Vortimer (Old Welsh Guorthemir, Gwerthefyr), also known as Saint Vortimer (Gwerthefyr Fendigaid, lit. "Vortimer the Blessed"), is a figure in British tradition, a son of the 5th-century Britonnic ruler Vortigern. He is remembered for his fierce opposition to his father's Saxon allies. In Geoffrey of Monmouth's Historia Regum Britanniae, he overthrows his father and reigns as King of Britain for a brief period before his death restores Vortigern to power.

==Accounts==
Vortimer first appears in the 9th-century work known as the Historia Brittonum. According to the Historia, Vortigern allows Saxons under Hengest and Horsa to settle on the Isle of Thanet, and offers them provisions in exchange for their service as mercenaries. Vortigern soon proves to be an "ignorant king", and the wily Hengest manipulates him into ceding over more land and allowing more settlers to come from Germania. After a dire period of Saxon encroachment, exacerbated by even more disgraceful behavior on Vortigern's part, Vortimer finally rises up against the Saxons.
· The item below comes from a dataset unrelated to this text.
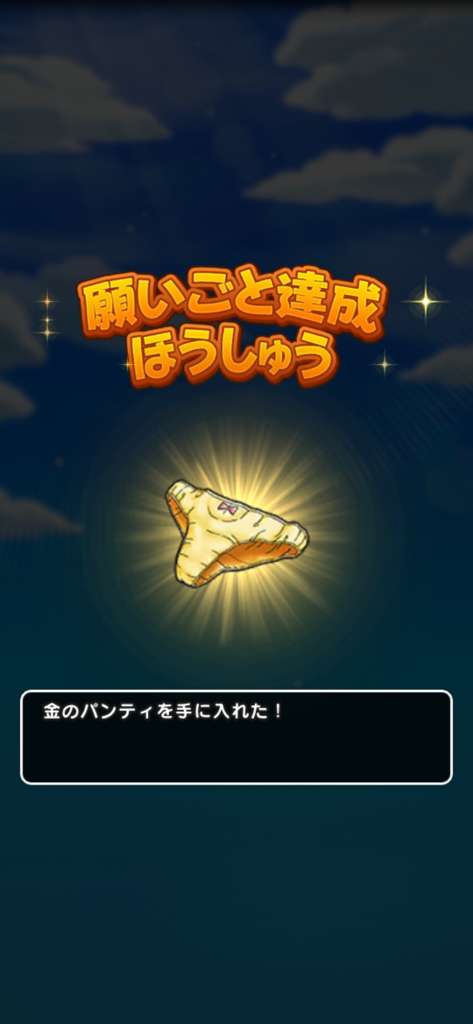 | 不老不死にしてくれ →ギャルのパンティおくれ!になる | ![]() 金のパンティ×1 |

He pushes them back to Thanet, and meets them in four battles. At the third battle Horsa and Vortimer's brother Catigern are slain; at the fourth the Saxons are pushed back to the sea. Shortly thereafter, however, Vortimer dies. He asks his followers to bury him at the place where the Saxons first landed in Britain as a totem against further invasion. However, his followers fail to heed his warning and the Saxons return. Another manuscript of the Historia Brittonum (Chronica Minora, Berlin, 1892) follows this with: "if they had kept his command, there is no doubt that they would have obtained whatever they wished through the prayers of St Germanus.” According to the Welsh Triads his bones were buried "in the Chief Ports of this Island".

Three of Vortimer's battle sites are named: the first was on the Darent "super flumen Derguentid" the second "at the ford called Episford in their language, Rhyd yr Afael in ours super vadum quod dicitur in lingua eorum Episford, in nostra autem lingua Rithergabail"; the third was "by the inscribed stone on the shore of the Gallic Sea in campo juxta Lapidem tituli, qui est super ripam Gallici maris". While some aspects of these battles correspond with three battles in Kent mentioned in the Anglo-Saxon Chronicle between the years 455 and 466 (especially the Battle of Aylesford), there are a number of crucial inconsistencies. The Chronicle does not name Vortimer, and in fact credit Vortigern as the British leader in one of the battles.

The legendary material in the Historia Brittonum was slightly expanded upon in Geoffrey of Monmouth's Historia regum Britanniae, widely believed to be a fictional account of the rulers of Britain. There the Britons abandon Vortigern and elevate Vortimer to be king of Britain. After he has driven out the Saxons, Vortimer is poisoned by his stepmother Rowena (a Saxon) and Vortigern regains the crown. Geoffrey says that Vortimer was buried at Trinovantum (London), and mentions the link with St. Germanus, who encourages Vortimer to rebuild the churches.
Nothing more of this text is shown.